Live Through This, then, became an album of personal reckoning and survival, against both public and personal demons, as well as unwarranted opinions and characterisations of Love and her bandmates. Adorned with the unforgettable photograph of an ill-fated prom queen, Live Through This is one of those albums that permanently linger in your mind from your first listen. Each chord, each drum beat and each of Courtney Love’s screams continue to ring, with the lyrics sinking into your consciousness like a pit in your stomach, unapologetically confrontational in their reckoning with violence, misogyny, motherhood, body image, depression and more.

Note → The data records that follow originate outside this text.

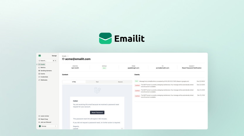 Meet Emailit—the email API that’s as easy to integrate as it is powerful to use. Whether you’re a developer looking to send transactional emails or manage your newsletters, Emailit has you covered.
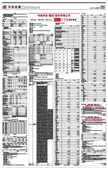 华映科技(集团)股份有限公司2012半年度报告摘要
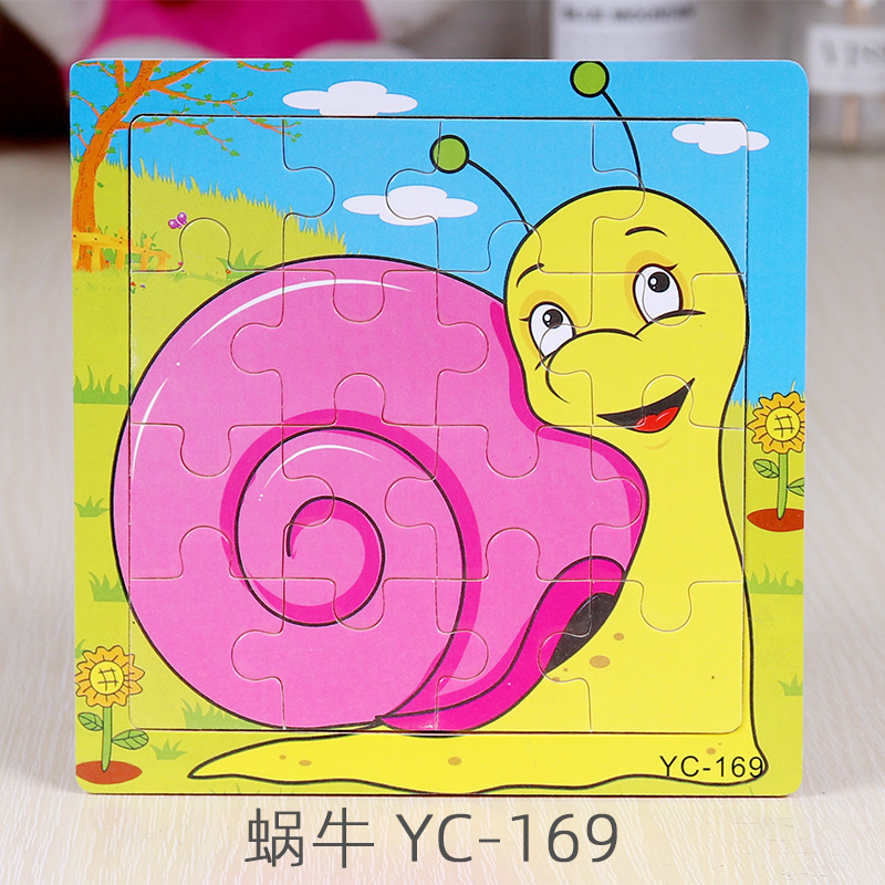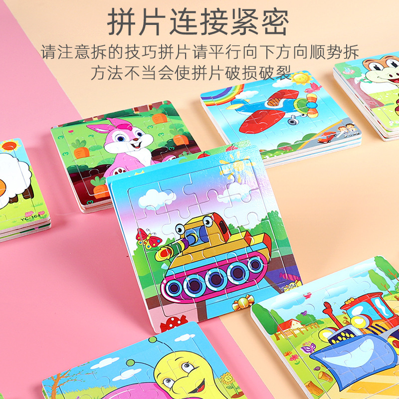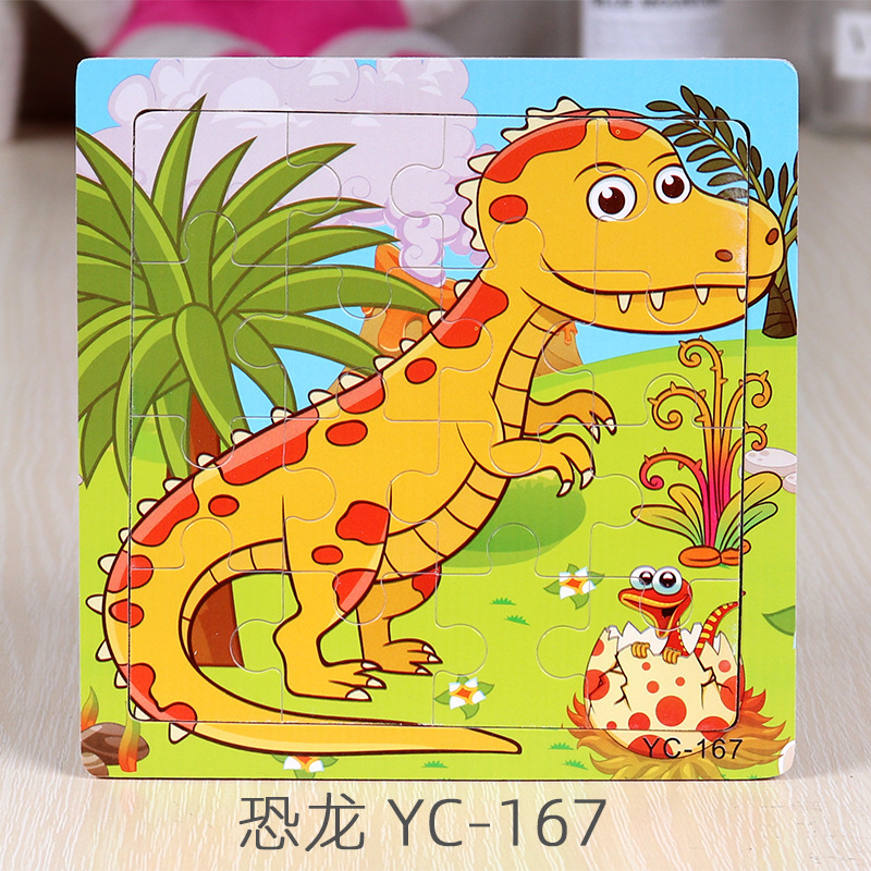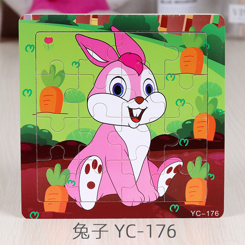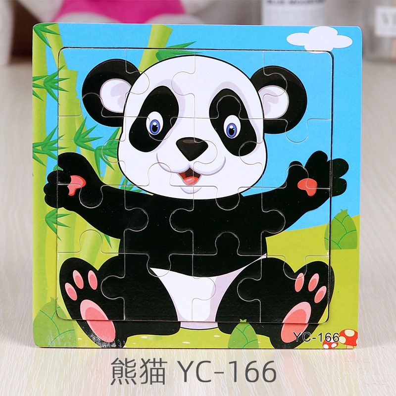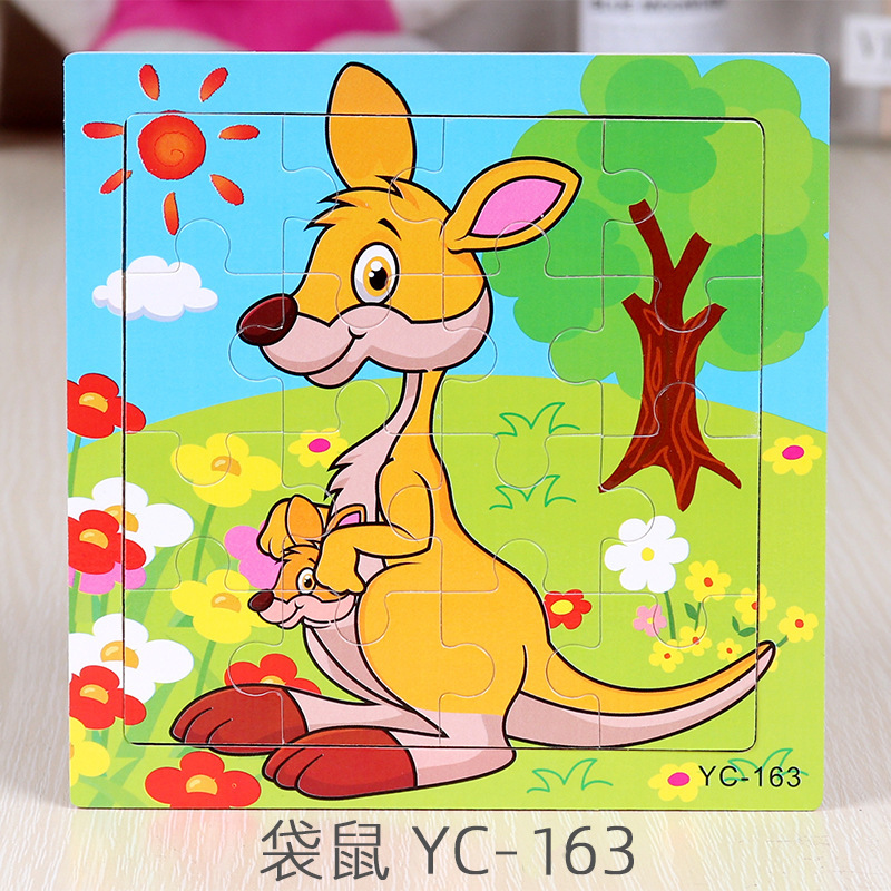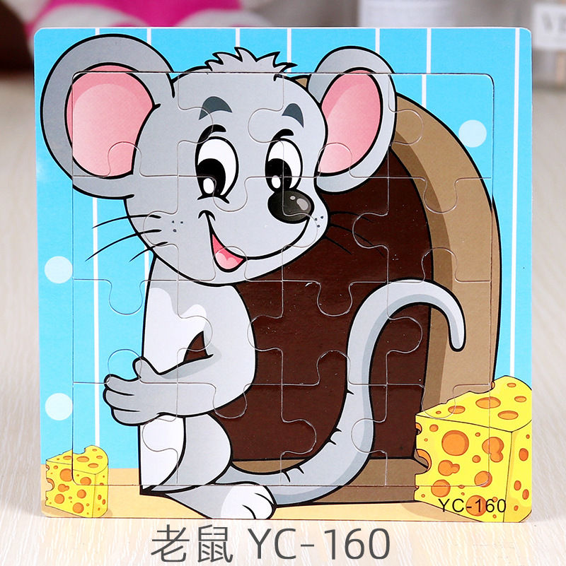 16-Piece Puzzle Animal Cartoon Wooden Toy Cross-border 0-3 Years Old Children's Intellectual Education Early Education Puzzle Montessori Teaching Aids Animal Cartoon Cognitive Toy Cross-border Hand-grab Puzzle Board Toy Wholesaling

Despite the heaviness of the lyrical content, Love remembers the songwriting process for Live Through This as “really easy”. She began writing in Los Angeles, writing ‘Violet’ at Jabberjaw, a bygone punk club. In Cambridge, Massachusetts, she wrote the legendary declaration, “I want to be the girl with the most cake,” on the acoustic-led ‘Doll Parts’, in the bathroom of Joyce Linehan, a former punk promoter. “That one was easy,” Love recalled to Spin, later telling Billboard that she had to write the lyrics on her arm with a Sharpie when she ran out of paper.
The band eventually found their way back to Seattle, when, as Love remembers it, she wrote ‘Miss World’, a song reflecting the tortured prom queen with the immortal chant, “I’ll make my bed, I’ll lie/die in it.” As Hole’s drummer, Patty Schemel, remembers, the brutal ‘She Walks On Me’ was written in the laundry room-turned-studio of Love’s Seattle home with Cobain.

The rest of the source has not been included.